Buying pedals, shoes, and some other accessories for xmas and I'll be ready to go. I am completely jacked and can't wait to use this.

Side note, Jensonusa was AWESOME to deal with. The LBS noticed my rear derailleur hanger was quite bent, so they straightened it for me, but recommended i get a new one. I called up Jenson, and within 5 mins they had an order to ship me a new one (it is in the mail as we speak).


----------



## Golfjunky (Nov 23, 2011)

sweet ride Bud !


----------



## SolitaryRider (Oct 20, 2011)

NICE! Looks like a sweet bike! 

Gotta love a manufacturer that gives great service and who will sell directly! That alone elevates that brand in my eyes.

...and the bike just plain looks GOOD!


----------



## BeginnerCycling (Jun 4, 2011)

Nice looking bike!


----------



## BostonG (Apr 13, 2010)

Congrats – nice looking ride. I spy a diaper box, which (unless you are using the box to store beer or something) means you won’t be getting out as often and for as long as you like. But hey, wiping away snot and dealing with tantrums can be fun too . Full disclosure – I have a 4 yr old and definitely don’t get out as much as I’d like. 

As you put some miles on it, you will likely get some cable stretch, which means you’ll need a tune up. You’ll know because your chain will start rubbing in some gears and other stuff. If you experience that, it’s normal and to stop it, either take it to your LBS to get it tuned or do it yourself. Not a big deal to learn, especially if you are mechanically inclined, but if you’re a beginner you may want to work your way up to that and just start with learning how to change a tube, which is the gateway to other repairs.

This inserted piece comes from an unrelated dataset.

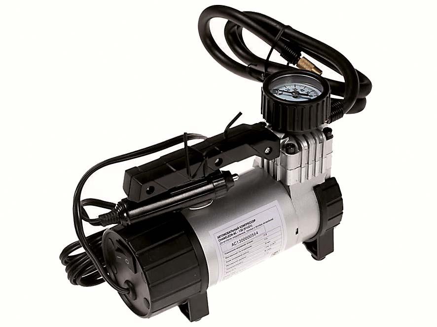 Лот первый – компрессор CHAMELEON AC-130. Надежен, компактен, очень тихо работает и стоит недорого, в районе 1300 рублей. При этом качает 23 л в минуту и нагнетает максимальное давление до 10 атмосфер.

Also, after a couple rides, consider getting a basic fitting. It may very well add to comfort and power and control, which will add to enjoyment, which will add more miles to your rides. 

Oh, and next time, take a pic with the bike facing the other way so we can see the drivetrain.

Happy riding.


----------



## PJ352 (Dec 5, 2007)

Congrats on the new bike.. enjoy!!

I agree with BostonG on the fitting, although I suggest getting one sooner rather than later to ensure sizing is right. Hopefully that's the case and all that'll be needed are tweaks.

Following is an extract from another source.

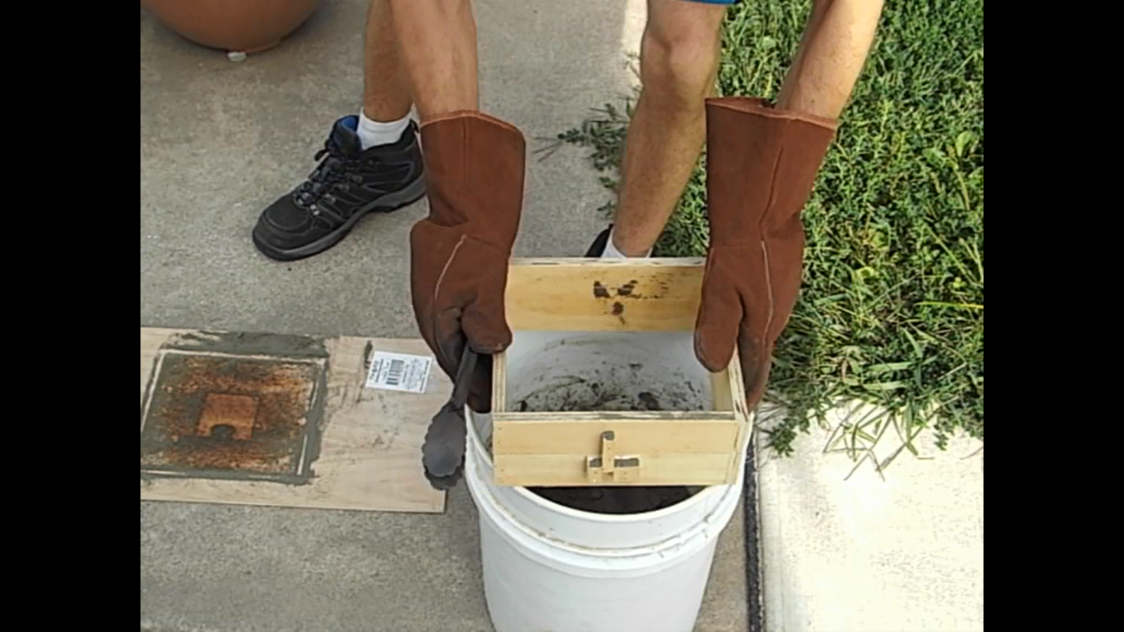 4.) In about 10 to 15 minutes you can dump the sand mold into a bucket for easy clean up and storage. Fish the metal out of the sand with a pair of tongs or pliers and look at how it came out. It is still extremely hot so be careful.

EDIT: If you're planning on going clipless, consider cleat set up as part of the fit process.


----------



## Sharknose (Aug 9, 2010)

Excellent - seems a lot of Focus bikes showing up on RBR lately. Enjoy the ride.


----------



## minutemaidman (Jun 14, 2010)

Congrats on your new bike. That frame looks huge and the seat looks mighty low. Im wondering what size the frame is? It looks like a 58 to me or larger.


----------



## btompkins0112 (Dec 13, 2011)

minutemaidman said:


> Congrats on your new bike. That frame looks huge and the seat looks mighty low. Im wondering what size the frame is? It looks like a 58 to me or larger.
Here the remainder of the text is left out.